With fake juice, not only will the flavour profile not match the real thing, but you can be guaranteed that the ingredients are of a low and questionable quality.

Reactions: Agree 1 | Thanks 3 | Informative 13


----------



## Havana Vape Co (13/1/18)

Disgusting

Reactions: Agree 1


----------



## Muttaqeen (13/1/18)

We have the exact same issue in the cape....What makes it more crappy is that people are buying in bulk and reselling to make a profit....sadly theres not much we can do about it other than educate the ones buying the juice

Reactions: Like 2


----------



## vicTor (13/1/18)

erm, just DIY, simple

Reactions: Like 3 | Agree 1


----------



## Faiyaz Cheulkar (14/1/18)

I completely agree with @vicTor , never understood what makes readymade juices so expensive when the ingredients are comparatively cheap.

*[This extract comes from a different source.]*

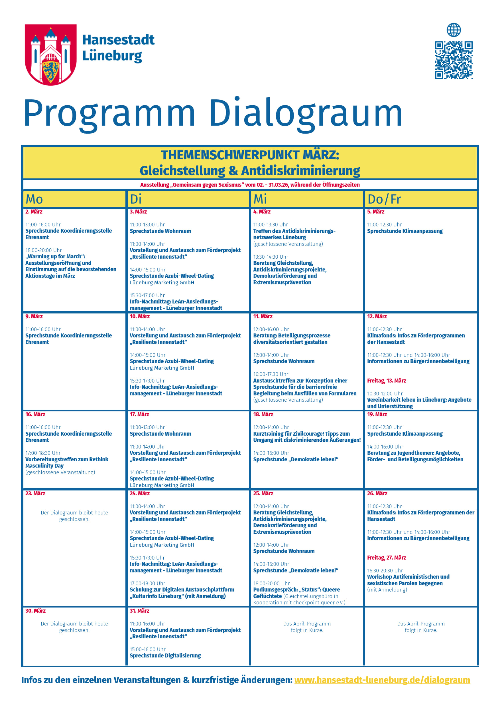 Im März gestalten das Gleichstellungsbüro der Hansestadt Lüneburg und die dort verortete Koordinierungsstelle Teilhabe, Antidiskriminierung und Extremismusprävention ein Programm rund um die Themen Gleichstellung und Antidiskriminierung – in Zusammenarbeit mit verschiedenen Kooperationspartner:innen.
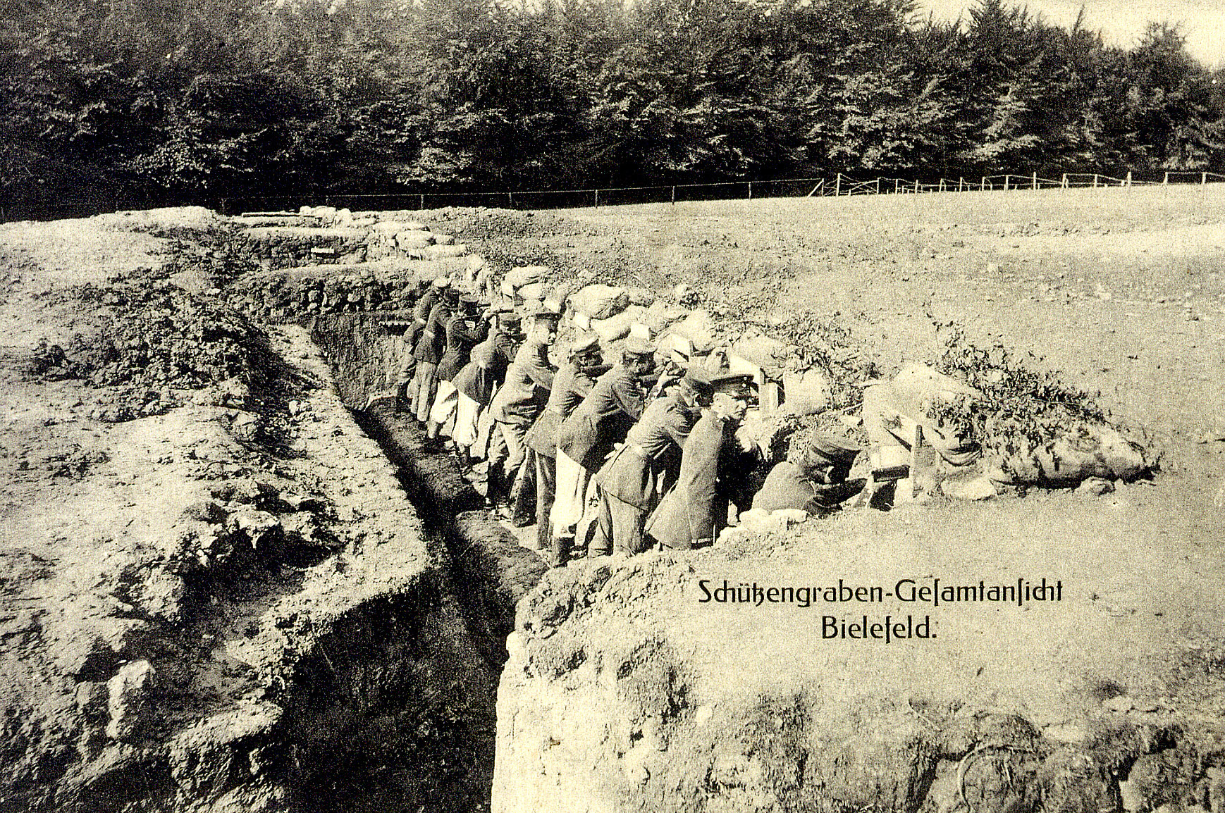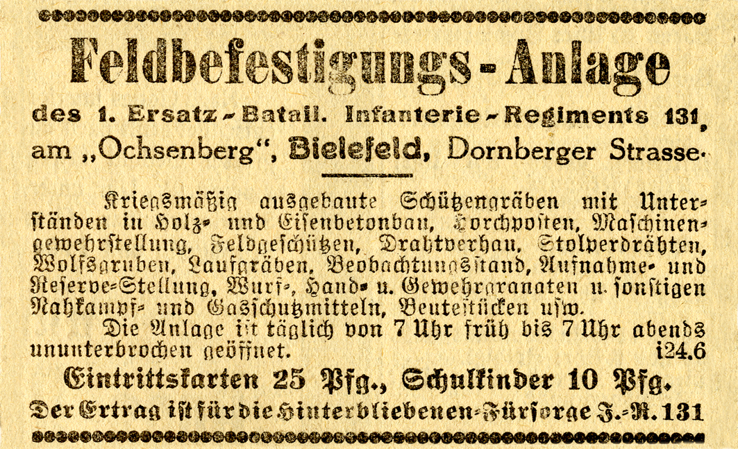 „In dem gegenwärtigen Kriege, besonders im Stellungskampfe auf dem westlichen Kriegsschauplatze, spielt bekanntlich der sogenannte Schützengraben oder richtiger gesagt, die Feldbefestigung eine außerordentliche Rolle. Das hiesige Ersatzbataillon Inf.-Reg. 131 hat auf dem Ochsenberge ein Stück einer solchen Feldbefestigung mit allen ihren Einrichtungen, wie sie die moderne Kriegstechnik erfunden hat, durch im Felde gewesene und erfahrene Mannschaften angelegt“, erfuhr die Bielefelder Bevölkerung am 25. Juni 1915 aus den Zeitungen. Gleichlautend berichteten sowohl die konservativen Westfälischen Neuesten Nachrichten als auch die sozialdemokratische Volkswacht über die Attraktion in Bielefeld. Offensichtlich hatte eine Pressemitteilung des Militärs zur Eröffnung des Schauschützengrabens auf der Ochsenheide vorgelegen, der den Kriegsalltag aber nur unzureichend darstellen konnte.

Reactions: Like 1 | Thanks 1


----------



## yaasir (29/6/18)

I wanted to know more on these chinese juices in the picture above.. are they harmful? coz they very cheap compared to other juices and was wondering how do they make their profit? and also because its so cheap, what are its ingredients? Too cheap can be dangerous


----------



## ace_d_house_cat (29/6/18)

Looks like the fake stuff that the Vape Shop at Carlswald Shopping Centre (in Midrand) stocks!


----------



## boxerulez (29/6/18)

Faiyaz Cheulkar said:


> I completely agree with @vicTor , never understood what makes readymade juices so expensive when the ingredients are comparatively cheap.


but labs and overheads and salaries and and and, although it does not justify the price in the diy'ers eyes, every business wants to make profit and grow and employ more people and clearly there is a market for eliquid... so there.

Reactions: Agree 1


----------



## Faiyaz Cheulkar (29/6/18)

boxerulez said:


> but labs and overheads and salaries and and and, although it does not justify the price in the diy'ers eyes, every business wants to make profit and grow and employ more people and clearly there is a market for eliquid... so there.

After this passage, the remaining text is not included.